Physics of stellar mergers: implications for neutron star and black hole binaries and other stellar exotica

Advisor: Ondřej Pejcha (ITP MFF CUNI)

Funding: Fully funded



The recent detection of gravitational waves from merging binary black holes and binary neutron stars together with the associated electromagnetic emission opened a new window for studies of compact objects, stellar evolution, nucleosynthesis and related areas of astrophysics. To properly interpret the new discoveries coming from gravitational wave detectors and time-domain surveys, we need to understand the physical processes responsible for the formation of these sources. One of the crucial channels for formation of both binary black holes and binary neutron stars critically relies on “common envelope” evolution (CEE), when a binary star undergoes catastrophic interaction accompanied by the loss of mass, angular momentum and energy. In addition to gravitational wave sources, CEE plays a crucial role in the evolution of many compact object binaries composed of black holes, neutron stars and white dwarfs, cataclysmic variables, X-ray binaries, recycled pulsars, and other objects of interest. An alternative outcome of CEE is a merger of the binary components into a single object.
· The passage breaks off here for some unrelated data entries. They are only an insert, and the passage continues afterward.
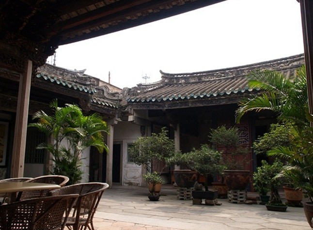 走過(guò)門(mén)樓,進(jìn)入前廳,過(guò)前進(jìn)屏門(mén),可見(jiàn)到祠堂中央的天井,天井種有花草,一派春色盎然的景色,另有一番情趣。潮汕建筑的天井,一般不大,講究精巧和儒雅,通常擺有花盆、蓮缸,種上花草,養(yǎng)有金魚(yú),營(yíng)造一個(gè)優(yōu)雅、恬靜環(huán)境。在這種環(huán)境的潮人,他們按部就班地斟酌品味工夫茶和從容不迫地彈流水行云般的潮州弦詩(shī),陶冶儒雅的民性,保持著那種講究精致的心理,這里也不例外。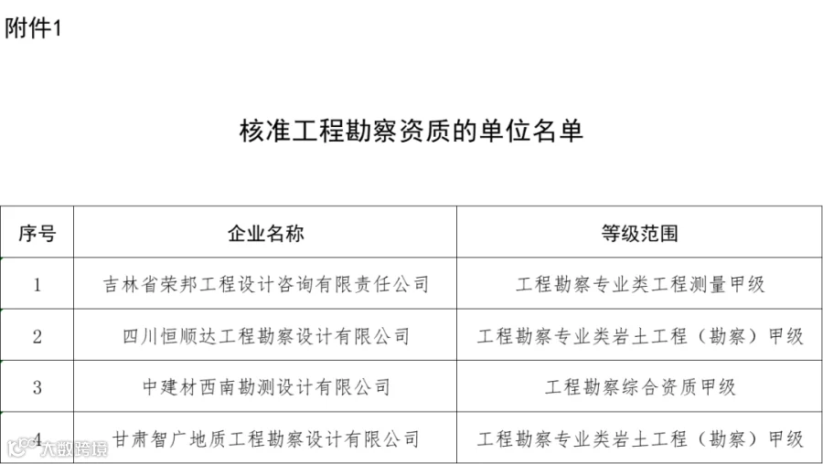 1.核准工程勘察资质的单位名单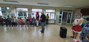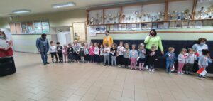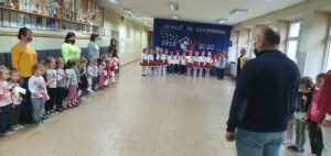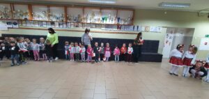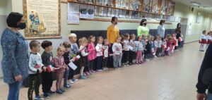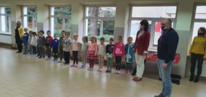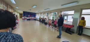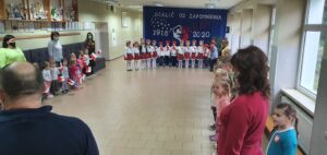 O godzinie 11:11 wszystkie przedszkolaki spotkały się na głównym holu, aby wspólnie uczestniczyć w akcji organizowanej przez Ministerstwo Edukacji Narodowej „Szkoła do hymnu”. Przedszkolaki w odpowiedniej postawie odśpiewały Hymn Polski.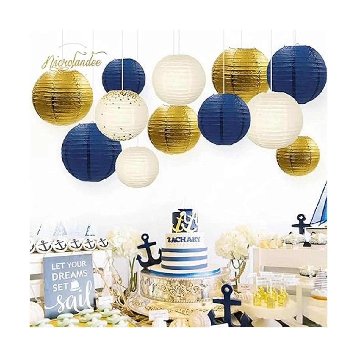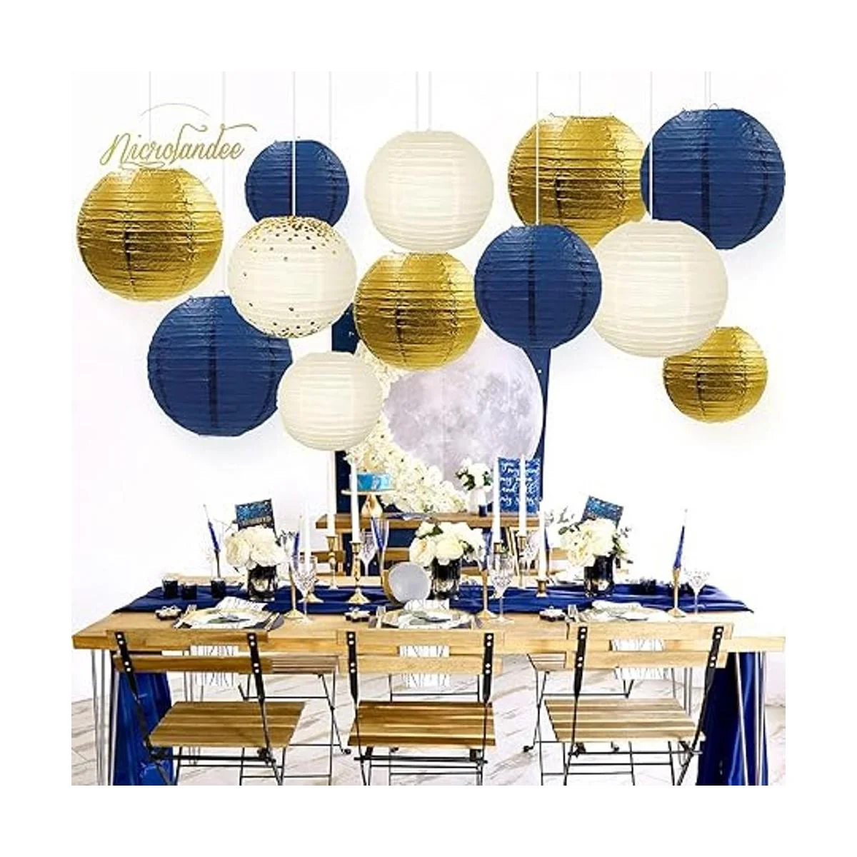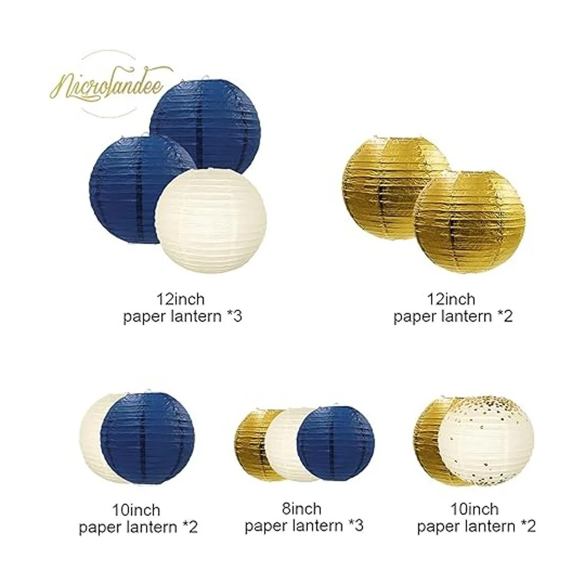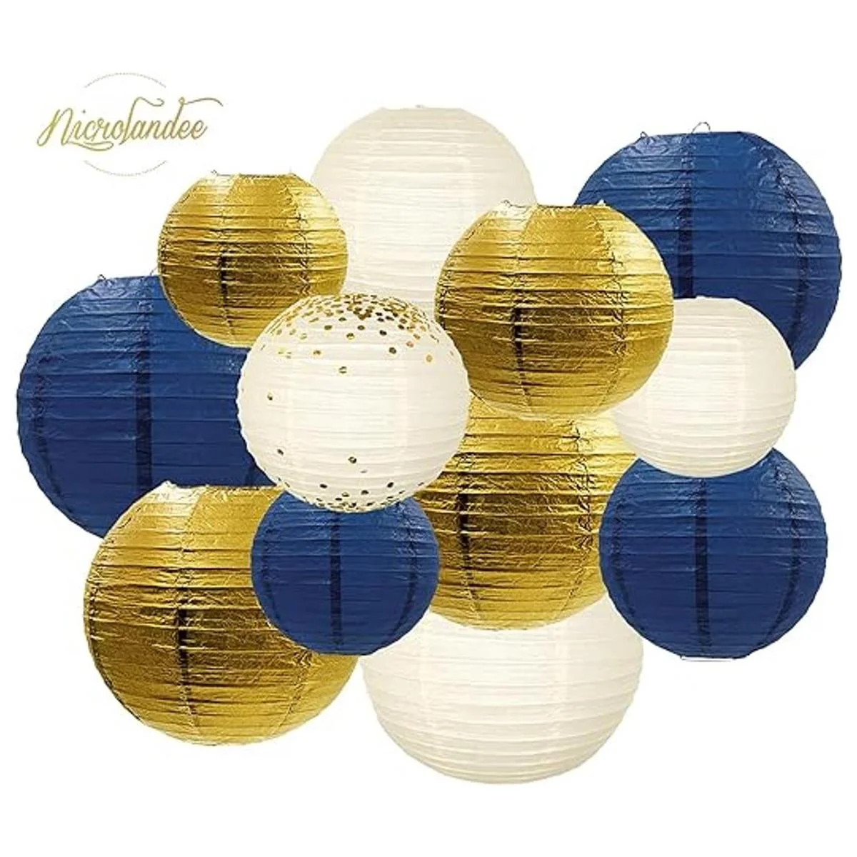 NICROLANDEE Decoraciones de fiesta azul marino 12 linternas de papel para colgar en color azul marino con purpurina para cumpleaños, baby shower, despedida de soltera, boda, compromiso, despedida de soltera, suministros para fiestas de género
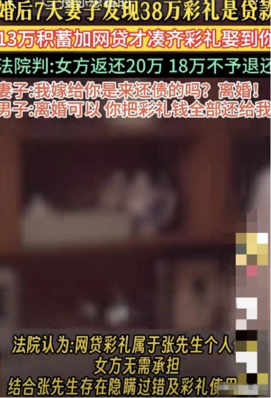 “这就是骗人的下场!”江苏南京,一女子结婚7天,丈夫以为生米已经煮成了熟饭,他得意洋洋告诉女子,38万彩礼是他13万积蓄+25贷款,他话风一转,要女子和他一起还贷款,女子被骗,又气又急:我嫁给你是来还债的吗?离婚!丈夫一听立马变脸:离婚可以,你把彩礼钱全部还给我!女子告到法院,判决令人意外! 三月的风还带着微凉,王芳婚房的玻璃窗上,大红喜字被阳光照得发亮。 茶几上的喜糖盒还没拆完,房间里的一切布置都停留在新婚的第七天。没人能想到,这份热气腾腾的喜庆,会在这天晚上被一叠冰冷的账单彻底浇灭。 林某坐在沙发边缘,指尖反复摩挲着手机屏幕,指节泛白。他把手机、纸质账单和转账截图依次铺到了床上,动作急促,账单上的数字密密麻麻,还款日期用红笔圈着,逾期提醒的字样格外刺眼。 王芳的目光从账单移到了林某脸上,心里的不安越来越重。她想起这七天里的种种异常:林某的手机常年静音,接电话时总往阳台跑,甚至洗澡都要把手机带进卫生间。 林某的指尖停在“38万”这个数字上,那是两家亲戚都称道的彩礼数额。他告诉王芳,十三万是他工作多年的积蓄,加上父母从养老钱里挤出的补贴。 剩下的二十五万,来自七个网络贷款平台,每一笔都标注着高额利息,还款期限最长的到了五年后。 更让王芳浑身发冷的是,林某把账单往她面前推了推,用动作表明了核心诉求。他认定两人已经是合法夫妻了,这笔婚前网贷该算作共同债务,需要一起承担。 王芳没有哭闹,只是沉默地坐着,直到林某的手势停下,她才起身走进卧室,打开衣柜最下层的抽屉,拿出了自己的证件包。她往包里塞了两套换洗衣物、洗漱用品,还有婚礼上拍的那张全家福。 走出卧室时,林某慌忙起身阻拦,王芳却脚步不停,径直拉开了房门。她没有回头,沿着楼道往下走,手里的包沉甸甸的,心里却异常清醒。 回到娘家,她把账单摊在了父母面前,母亲看到后难以置信的捂住了嘴,父亲的拳头砸在桌上,发出了沉闷的响声。 男方家人很快找上了门,先是低声劝说,见王芳态度坚决,语气渐渐强硬。林某站在人群后,眼神躲闪,直到被父母推到前面,才用动作表示,离婚可以,但三十八万彩礼必须全额退回,否则就不办手续。 协商陷入僵局,王芳的家人提交了离婚诉讼。庭审现场,法官逐一核对证据,节奏严谨。 银行流水和网贷合同显示,二十五万贷款均在领证前三天完成放款,收款账户是林某的个人账户,资金到账后当天就转给了王芳的父亲。 婚礼开销的票据也被一一质证,酒店酒席花费九万二,婚庆布置三万八,新房软装四万五,还有给亲友的伴手礼五千,合计十八万。这些消费都有正规发票,无法追回。 法官还调取了两人婚后的消费记录,七天里,他们的共同支出只有两千多,用于买菜、水电和一次短途购物,没有任何大额消费,更没有与网贷相关的支出记录。 最终的判决下来,法院认定二十五万网贷是林某婚前个人债务,王芳无需承担偿还责任。彩礼方面,十八万用于婚礼实际消费,不予返还,剩余二十万由王芳返还给林某。 判决生效当天,王芳的父亲通过银行转账,把二十万打到了法院指定账户。转账成功的提示音响起,王芳长长地舒了一口气。她删掉了林某的联系方式,把婚礼照片放进储物箱,重新整理了自己的生活。 林某则开始独自面对网贷压力,每个月的还款提醒短信塞满了手机。他卖掉了婚前买的汽车,又向父母借了钱,才勉强凑够前三个月的还款。当初那场热闹的婚礼,成了邻里间的谈资,也成了他心里的教训。 这场七天的婚姻,像一面镜子,照出了婚姻里最珍贵的东西。真诚永远比面子重要,坦荡才是过日子的根基。 脚踏实地的付出,才能撑起安稳的家庭,任何用欺骗搭建的幸福,终究会在现实面前轰然倒塌。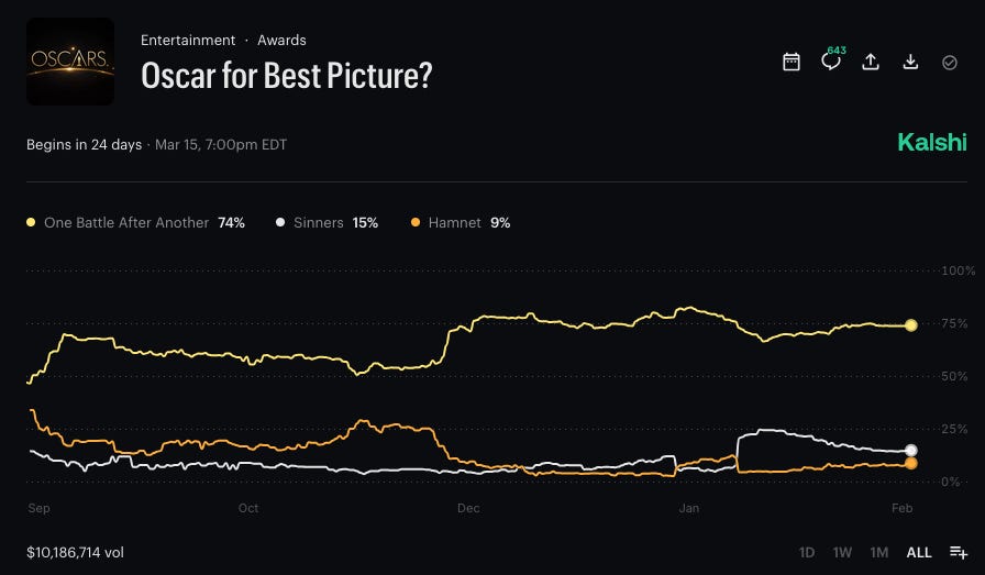 I thought One Battle After Another was a lock for Best Picture. Somehow the odds have gone down. It was 82% on Kalshi when we talked a month ago. It is now 74%. That is the only bet where I doubled down so far. I put in the equivalent of 15% of my original portfolio.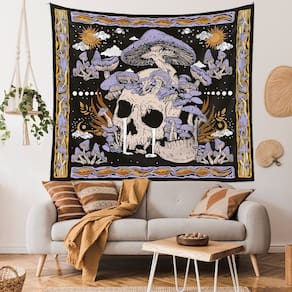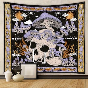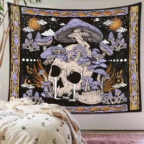 Material: flanela Tamanho: 130 cm × 150 cm Peso: 290 g Design gótico psicodélico — apresenta uma ilustração ousada de caveira com cogumelos, sóis, luas e elementos cósmicos, criando uma atmosfera misteriosa e atraente. Material de tecido macio — Feito de tecido de pelúcia de alta qualidade que é macio, durável e leve, com impressão vívida de alta definição para cores duradouras. Decoração artística de parede versátil — perfeita como tapeçaria, decoração artística de parede ou pano de fundo para quartos, dormitórios, apartamentos e salas de estar com estética gótica ou alegre. Fácil de pendurar e manter — O design leve permite pendurar facilmente com ganchos ou pregos; dobrável para armazenamento e lavável na máquina em um ciclo delicado. Tamanho grande — mede 150 x 130 cm, adequado para ampla cobertura de parede e transforma espaços em pontos focais dramáticos para homens, mulheres e adolescentes.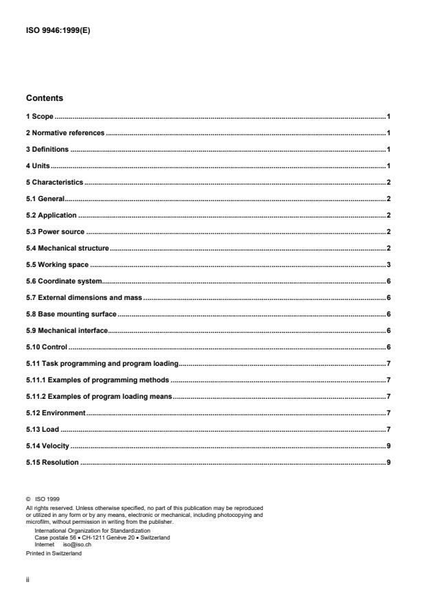 Keywords: ISO 9946:1999, manipulating industrial robots, presentation of characteristics, robot specifications, working space, performance criteria, mechanical interface, robot control, ISO 9283, ISO 10218.
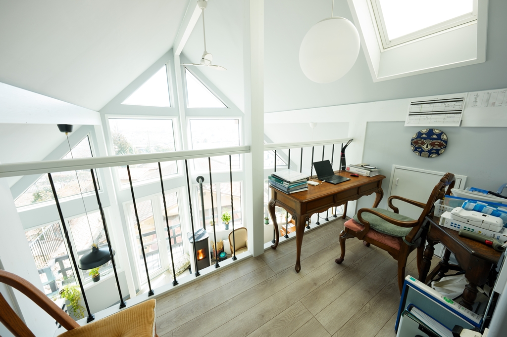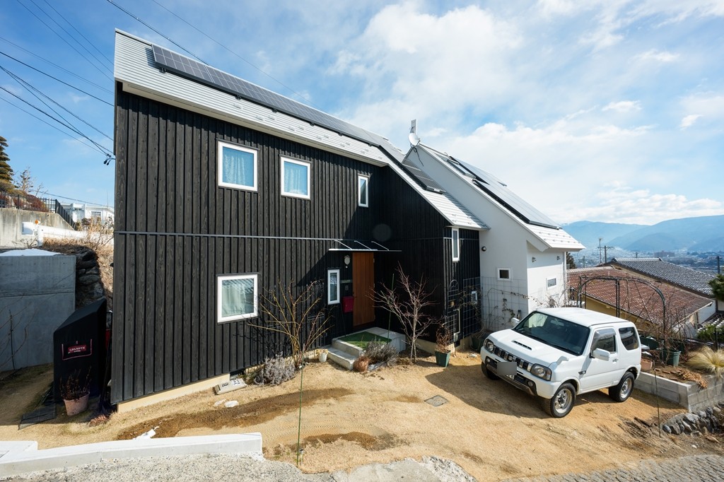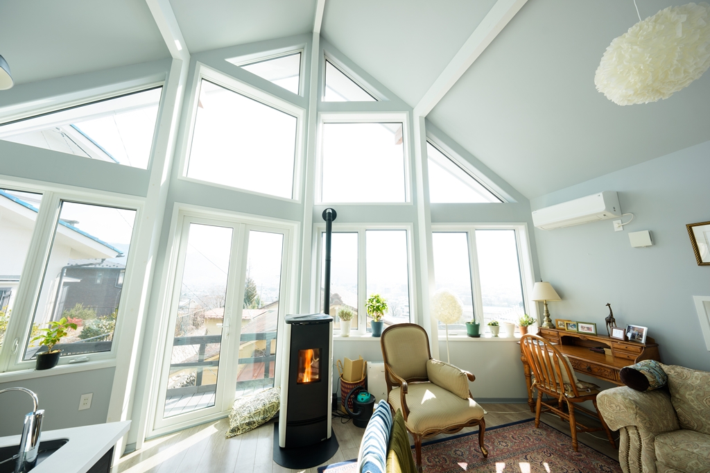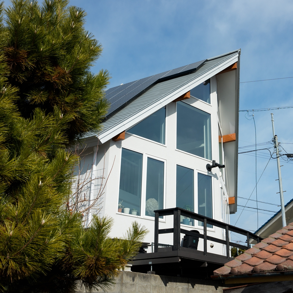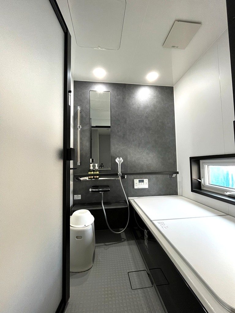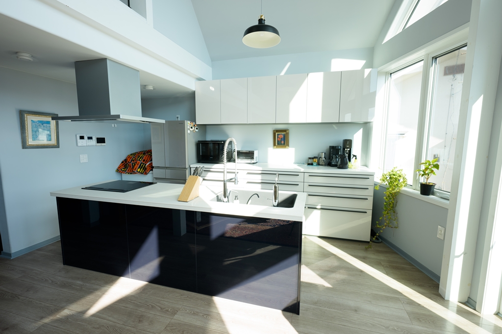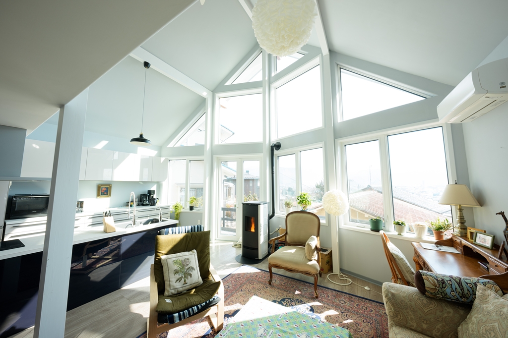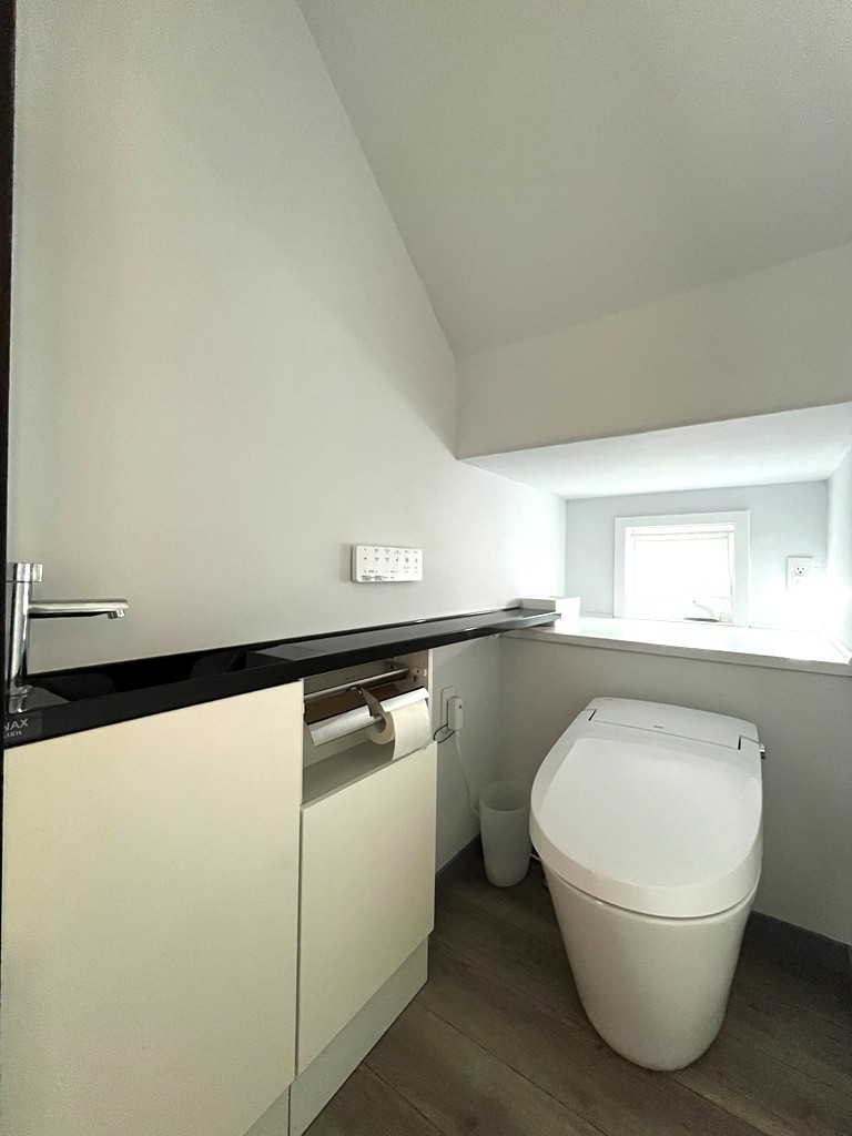 【建物】木造枠組壁工法(一部2×4・2×6)。外壁・屋根下断熱材の内側に気密シート0.2mm施工。屋根下は高性能グラスウール180mm、外壁140mm、床下はXPS(押出法ポリスチレンフォーム)90mmを採用し、高い断熱・気密性能を確保。屋根は耐久性に優れたガルバリウム鋼板、外装は杉板(防腐塗装)+一部塗り壁仕上げ。窓はPVC枠Low-Eペアガラス(アルゴンガス入)、玄関は輸入断熱ドア。内装はドライウォール塗装仕上げ、床は木製フロア12mm厚。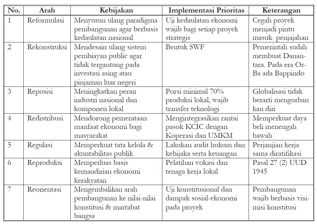 Melalui pendekatan tersebut, audit terhadap proyek KCIC tidak hanya berhenti pada hitung-hitungan untung rugi, tetapi juga menjadi jalan untuk menemukan penyelesaian struktural yang sesuai dengan prinsip konstitusional ekonomi Indonesia.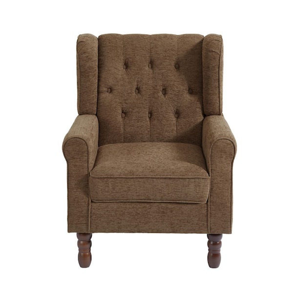 Modern Brown Linen Upholstered Button High Back Accent Arm Chair With Wood Legs (Set of 1)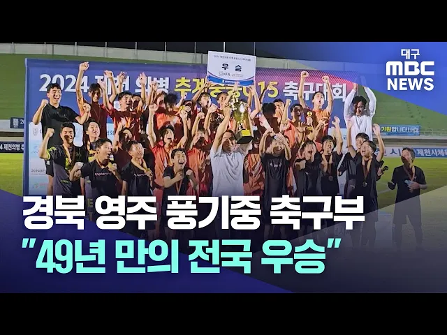 ◀앵커▶대한축구협회가 주최한 전국 중등 축구대회에서 경북 영주 풍기중학교가 창단 49년 만에 우승을 거머쥐었습니다.전교생 수가 10배 더 많은 수도권 학교를 잇따라 꺾고 이룬 기적에, 지역에선 선수들을 위한 카퍼레이드까지 열렸습니다.이도은 기자가 보도합니다.◀기자▶경북 영주 풍기중 축구부 학생들이 카퍼레이드로...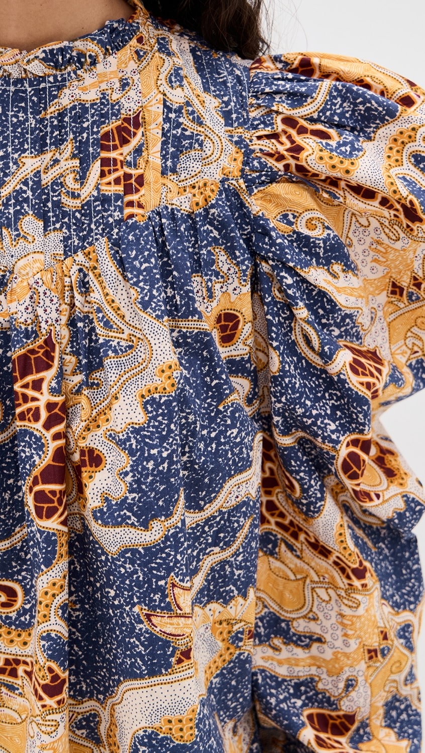 Ethically handmade in India from 100% GOTS certified organic cotton poplin, the Irina Blouse in the Blue Castello print blends effortless comfort with elevated style. This flowy top features a delicate mini ruffled neckline and voluminous bishop sleeves with smocked cuffs—perfect for pairing with denim or skirts for a polished, feminine look.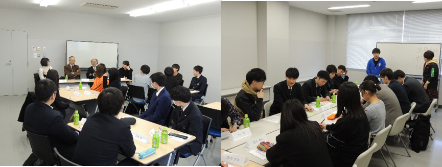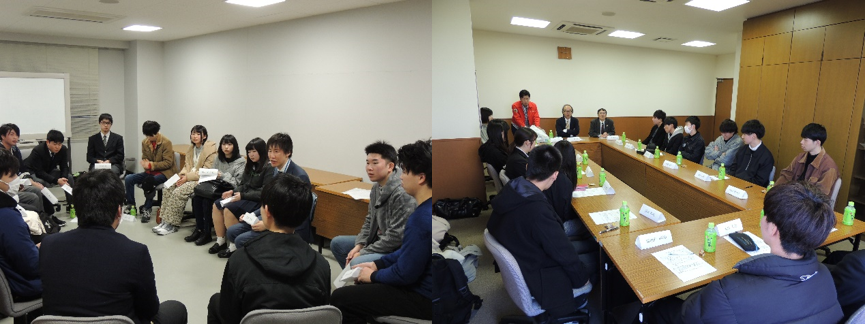 教員も交えた入学予定者と在校生とのフリートークでは、4つのグループに分かれて、大学生活における質疑?応答が行われました。在校生や教員を身近に感じることができたのではないかと思います。

In such cases, the remnants should appear as rapidly spinning and possibly magnetic stars, which potentially includes blue stragglers or mysterious objects such as the progenitors of SN1987A, SN2009ip, η Car, and long γ-ray bursts. In fact, about a third of massive stars and a comparable number of low-mass stars will experience CEE or similar interaction.

We seek 1-2 PhD students to work on topics related to the ERC Starting Grant "Catastrophic interactions of binary stars and the associated transients" (Cat-In-hAT). The work will focus on understanding the theory and observational implications of two merging stars, including neutron stars. Depending on the interests of the student, the work could focus on (magneto)hydrodynamical evolution of merger remnants, formation of dust and molecules, transients from stellar collisions, understanding the observational counterparts (blue stragglers, R CrB stars, FK Com stars, eta Car, progenitor of SN1987A, GW170817, etc.), and other projects. The work will utilize existing codes or codes under development in the group: multidimensional low-Mach number magnetohydrodynamics, moving mesh radiation hydrodynamics, 1D stellar evolution, or N-body calculations. In addition, the group is a member of All-Sky Automated Survey for Supernovae, and the thesis can include significant observational or data analysis component.